特に、本当に救急対応が必要な人に医療リソースを集中できるという点は、地域にとって非常に大きな意義があります。

地域で見られる動き

・不要不急の救急車利用が減り、病院の逼迫が緩和

・医療と介護の「合同カンファレンス」などの連携が活発化

・小規模多機能施設や訪問看護との連携が進むことで、地域包括ケアの実現に近づく

介護と医療の「縦割り」ではなく、「横断的な連携」が地域全体の持続可能性を支えていくのです。

課題

すべての往診が必要とは限らない

一方で、「すべての往診が本当に必要か」という点については、慎重な見極めが必要です。

中には、診療報酬を目的として必要性の低い往診が行われているという指摘もあり、制度の見直しも始まっています。

想定される課題と対応

不必要な往診の増加

患者や家族の不安から、必要以上に依頼されるケースも。

→ 医療・介護の多職種連携での判断が重要。

診療報酬目的の利用

一部の医療機関が報酬狙いで深夜往診を乱用。

→ 報酬制度の適正化と透明性の確保。

医師不足・地域差

対応できる医師の数が地域によって大きく異なる。

→ 遠隔医療や民間委託による補完的活用が有効。

結論

往診は、介護者にとって「安心と信頼のインフラ」

医師による往診は、高齢者の命と生活を守る重要なサービスです。

介護者にとっては、自宅という環境の中で、医療がすぐ近くにあるという感覚は、ケアの質を飛躍的に高めます。
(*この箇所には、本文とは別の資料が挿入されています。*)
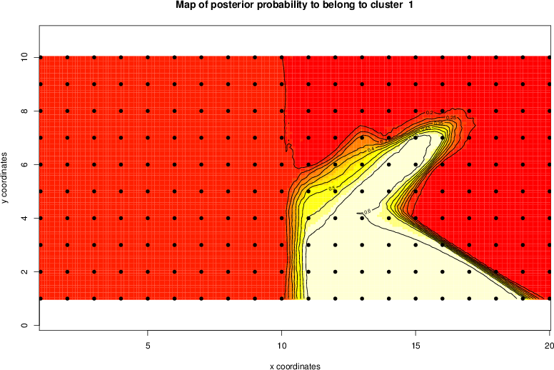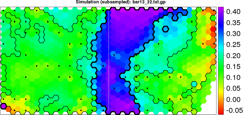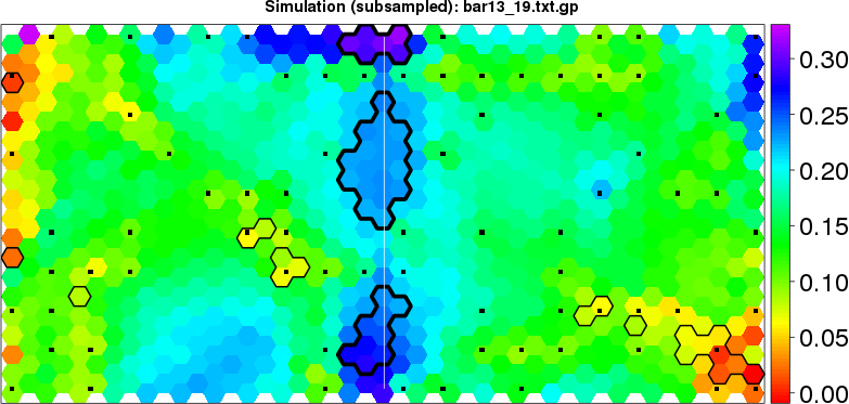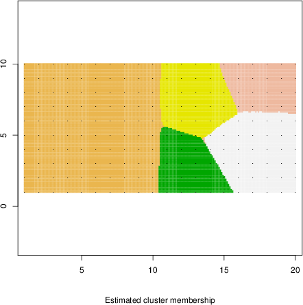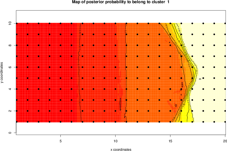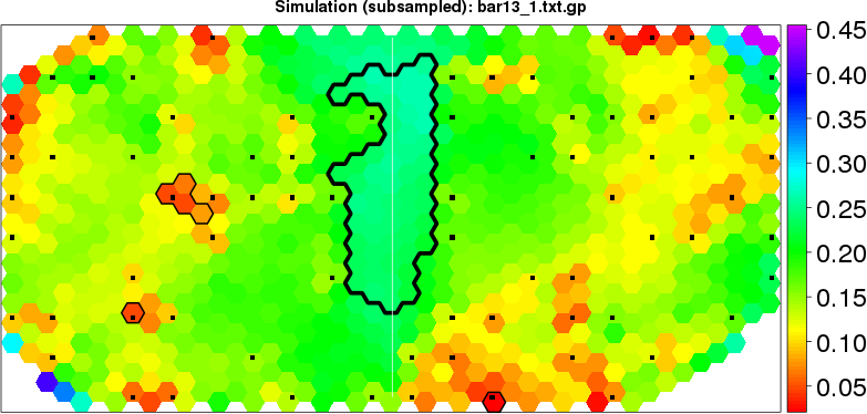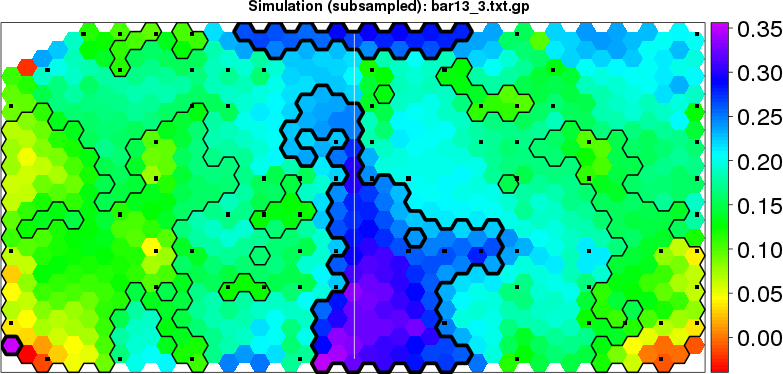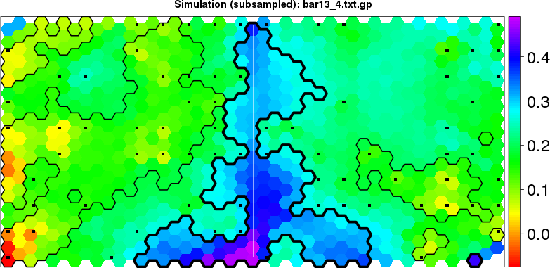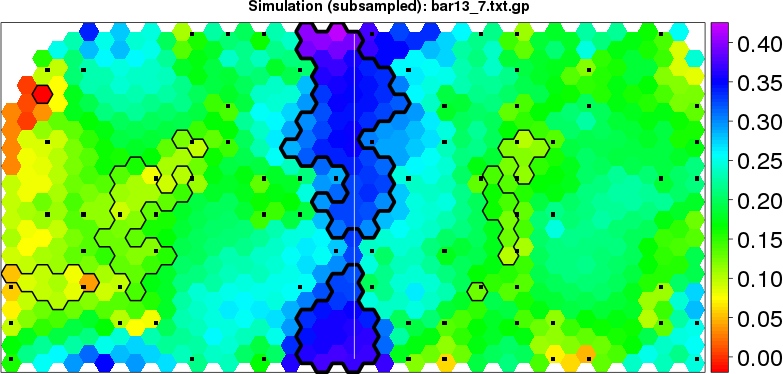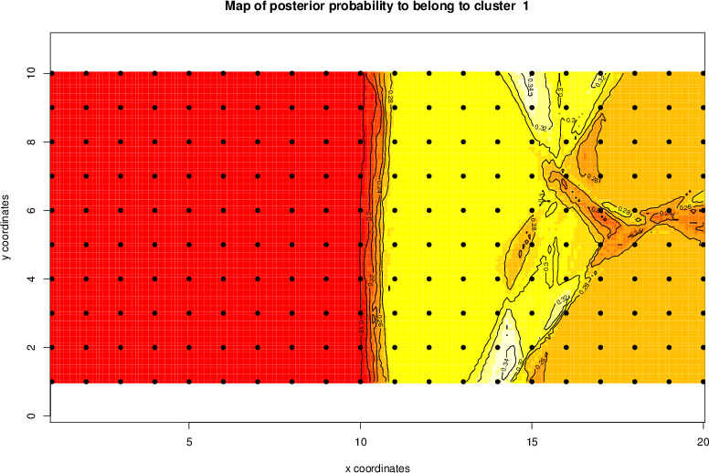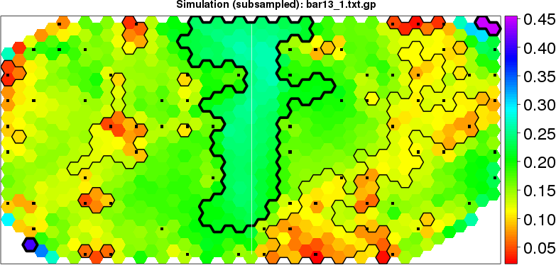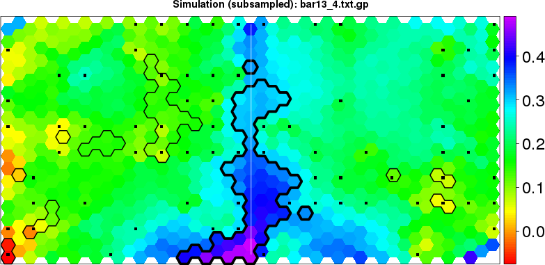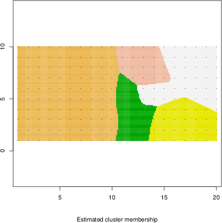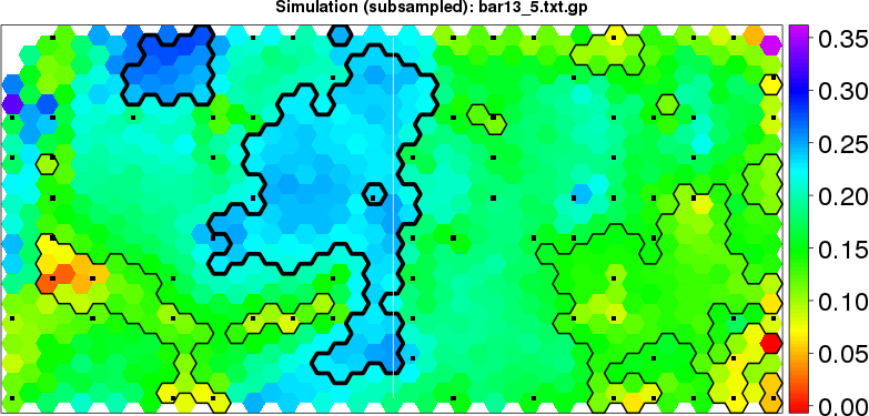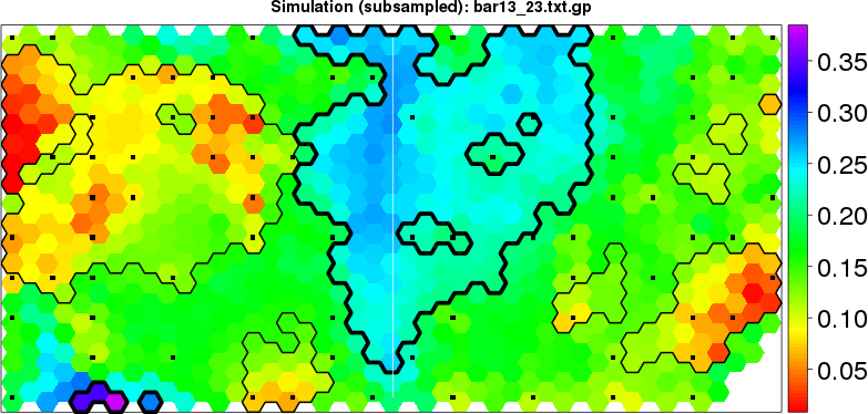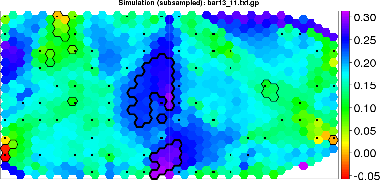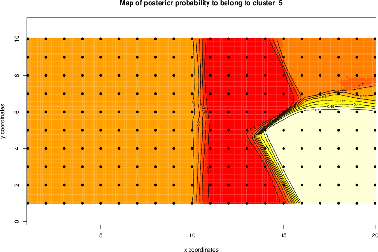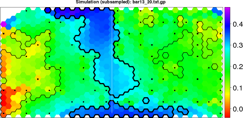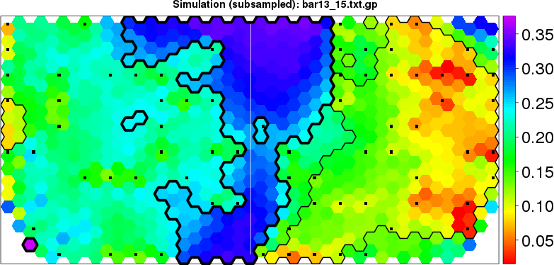 Simulated data | Geographical plots of weighted mean of all ellipse values (i.e., individual genetic distances ar of Rousset 2000) and significant barrier (cells with differentiation values higher than expected under a random distribution (no FDR applied) are materialized with thick black borders) | Idem, Benjamini-Yekutieli FDR applied | MAPI analysis (no FDR applied) with subsampled (75/200) dataset | MAPI analysis (Benjamini-Yekutieli FDR applied) with subsampled (75/200) dataset | Best probability memberships | Probability memberships for cluster 1 | Probability memberships for cluster 2 | Probability memberships for cluster 3 | Probability memberships for cluster 4 | Probability memberships for cluster 5 | Best probability memberships | Probability memberships for cluster 1 | Probability memberships for cluster 2 | Probability memberships for cluster 3 | Probability memberships for cluster 4 | Probability memberships for cluster 5 | Scatter plot showing the first two components of the DAPC (when K*>2) or density plot showing the first principal component of the DAPC (when K*=2) | Probability memberships for cluster 1 | Probability memberships for cluster 2 | Probability memberships for cluster 3 | Probability memberships for cluster 4 | Probability memberships for cluster 5 | Scatter plot showing the first two components of the DAPC (when K*>2) or density plot showing the first principal component of the DAPC (when K*=2) | Probability memberships for cluster 1 | Probability memberships for cluster 2 | Probability memberships for cluster 3 | Probability memberships for cluster 4 | Probability memberships for cluster 5 |

ただし、制度としての公平性や持続性も考える必要があります。

介護福祉の基本である「必要な人に、必要なときに、必要な支援を」という理念に基づき、往診も適切に使われるべきです。

適切な往診があれば、家族も地域も医療も安心できます。

介護の現場において、これからの医療連携の「要」として、ますますその価値は高まっていくでしょう。